2012年11月の初めての見学から半年間の間に、この森の中にある「よりあいの森いちにちカフェ」に何度かおじゃまさせていただくことができました。ホープの元スタッフで、私の尊敬する友人の中西さんがきっかけを作り、導いてくれて、ホープのデイのスタッフ、訪問のスタッフとその家族、私の母、義母、叔母、母の友人…そんな人たちがこのよりあいの森を訪れました。なかなか社会とうまく関われずそのきっかけを待っている私の弟が、スイーツ作りが好きで、自作のパウンドケーキをよりあいカフェで出していただくという機会もいただきました。人と人とをつなぐ、不思議な「何か」を持っているところです。

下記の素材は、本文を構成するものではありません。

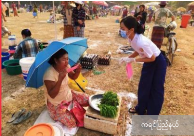
ကရင်ပြည်နယ်

အခြေခံလိုအပ်ချက်များကို တိုးမြှင့်ပေးအပ်ခြင်း

「宅老所よりあい」は、2年後に、この森の中に新しく、25人定員の特別養護老人ホームを作ろうとしています。お金が余っているから、土地が余っているから、人が余っているから作るのではないのです。そこに必要があるから、人生の最後のときを満足して死んでいく人のそばにいたいから、なんとかして、お金をより集め、自分の時間と能力を差し出し、ときには何かを犠牲にして、それでも楽しんで、新しいものを創るのだと思います。(終わり)

(ほーぷレター2013年7月号より)

Filed under: ほーぷレター,施設訪問 — 55hope 11:50 AM  Comments (0)

「宅老所よりあい」を見学して(5) 中島紀子

福岡の「宅老所よりあい」を見学した帰りの飛行機の中で、第2宅老所よりあいの所長である村瀬孝生さんの著書『宅老所よりあいの仕事-看取りケアの作法』を読みました。看取りケアとはどういうものかまったく経験のない私に、ああ、私もできることなら体感してみたいと思わせたその本の一部をここに紹介します。

―――僕たちはよしおさんの死に立ち会った。そこにあったのは深い悲しみだけではない。むしろ、その悲しみを超える喜びがあった。職員の一人は、「いま僕は悲しいけれど、喜びに満ち溢れています」と言って泣いた。

僕は「これで生きていける」と思った。そう思った瞬間、自分でも気がつかぬうちに危うさを抱えていたことを知った。僕はこれまで、どこか人を信じられないで生きてきたのかもしれない。けれど、人は信じるに値するものなのだ。そのことが胸に深くおちた。見も知らぬ他人の顔を見てもうれしくなった。こんな境地は初めてだった。「これで生きていける」。

同時に、第2よりあいの組織としての未熟さも露呈した。よしおさんが亡くなると職員の数名はやめると思っていた。よしおさんの求心力で職員集団が成り立っていることは感じていた。予見通り二人が辞めた。第2よりあいとしての組織的課題も、よしおさんは教えてくれた。仕事として成立させなさい。そう言われているように思えた。―――(次号につづく)

(ほーぷレター2013年6月号より)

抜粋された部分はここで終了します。